She probably doesn’t know. I can’t remember if I ever told her. I used to be content with being a mole. Staring at the ceiling for hours on end, keeping my thoughts and my thoughts about my thoughts to myself.
One content mole.
I did not see anything wrong with self harm. It was logical. I thought something, I thought about what I thought, I felt something and I needed an outlet. Sometimes writing would suffice, sometimes drawing, listening to music, and when none of it worked self-harm did.
I was growing.
But I was growing inwards.
I was growing deeper, and instead of achieving some sort of nirvana, I was feeling more. I was feeling too much. Pain.
Crawling out, one day, I heard that self – harm is not cool. I wondered why, crawled back in, contemplated and it made sense. So what do I do when it all gets too much, I decided, I’d interact with people.
It’s funny, this was about 15 years ago.
I gave people a chance and never looked back. I thought, I = depression. When I felt like people failed me, I would correct myself and decide that I failed myself. I needed to be smarter, wiser, better. I learnt so much, I grew differently. I learnt that being by myself did not have to turn into a depressive cycle. There’s work-life balance, and there’s social-individual life balance.
I’m still figuring out the latter.
She doesn’t know that, she doesn’t need to know that.

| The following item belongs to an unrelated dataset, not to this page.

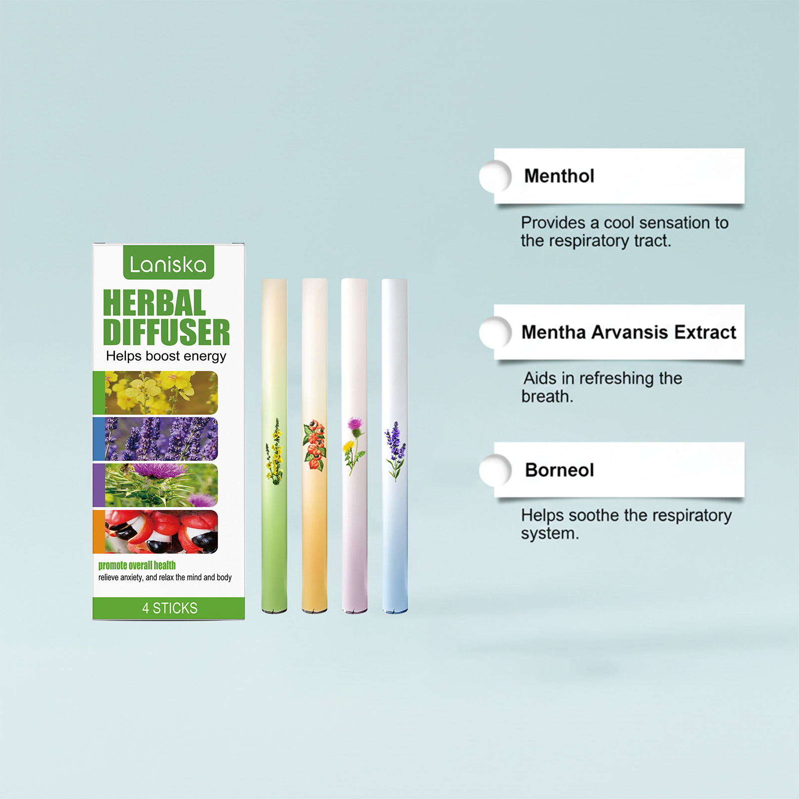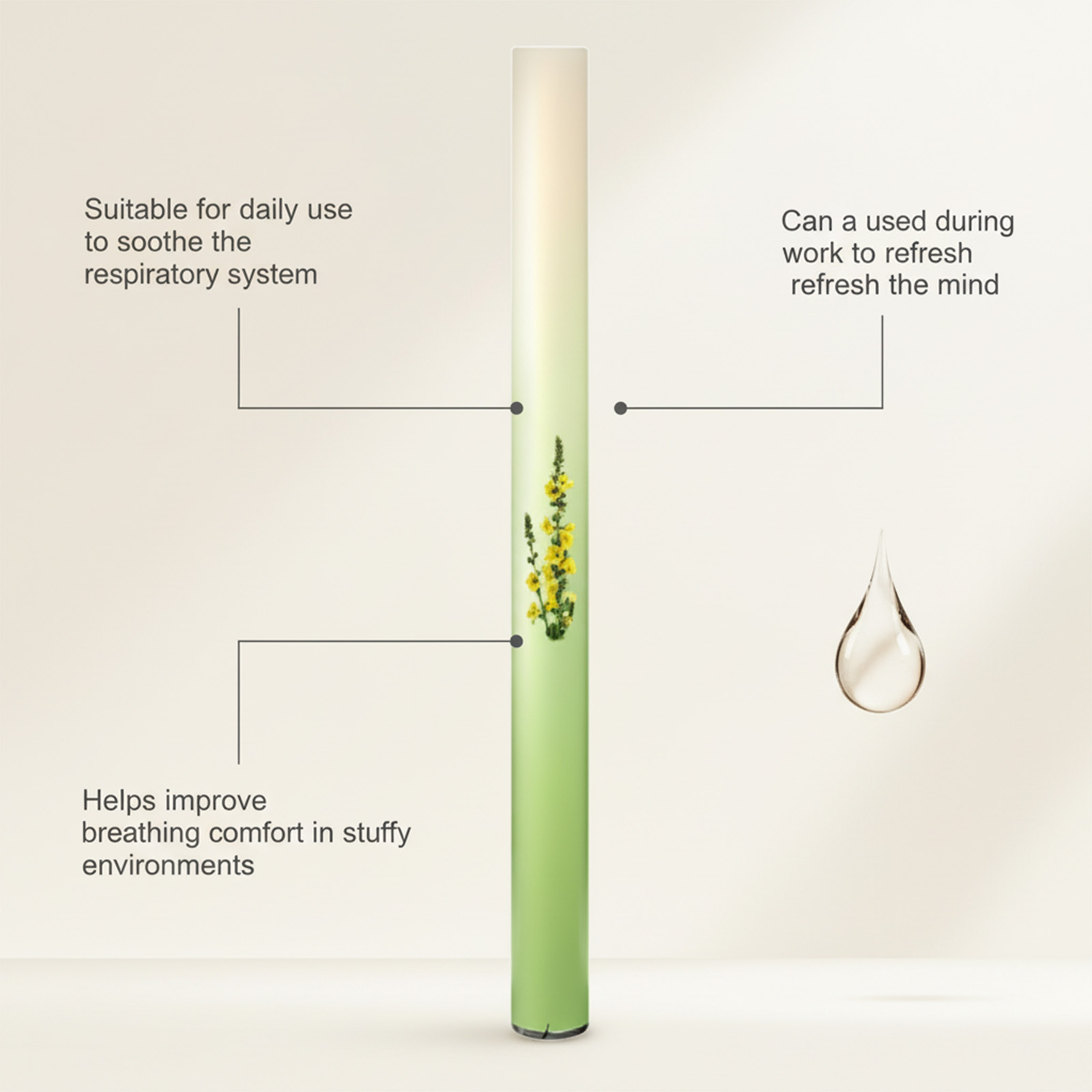 我们的草本护理组合棒,由薄荷醇、冰片精心调配而成。专为有助于随时保持呼吸清新,有助于缓解鼻塞设计。使用方法极为便捷:打开盖子,放入口中轻轻吸气 2-3 秒。并且它可以有助于舒缓呼吸系统。

Christmas was eventful because, presents. Birthdays were bigger because, well presents also. They were better because they were just about each one of us.
And cake. So much cake. Food in general.
Food was a thing for us, wasn’t it?
Ice creams, chocolates, baklava, jalebis and laddus.
What were we celebrating when there were no obvious reasons to celebrate?
Success and the proximity of one’s dreams, lingering so close, around that corner?
I’d linger and take a right around that corner. I found chaos and contradiction behind the closed doors and four walls. Candles got blown, balloons burst, and the cello tape couldn’t hold the streamers up. The masking tape would pull the paint off.
I’d linger into the alleys where you would have nothing to give me. Where they would have nothing to offer.
Self – hate.
Now, 23 years away from the most evocative memory, I realize that I’ll take all the love you can give me or nothing at all.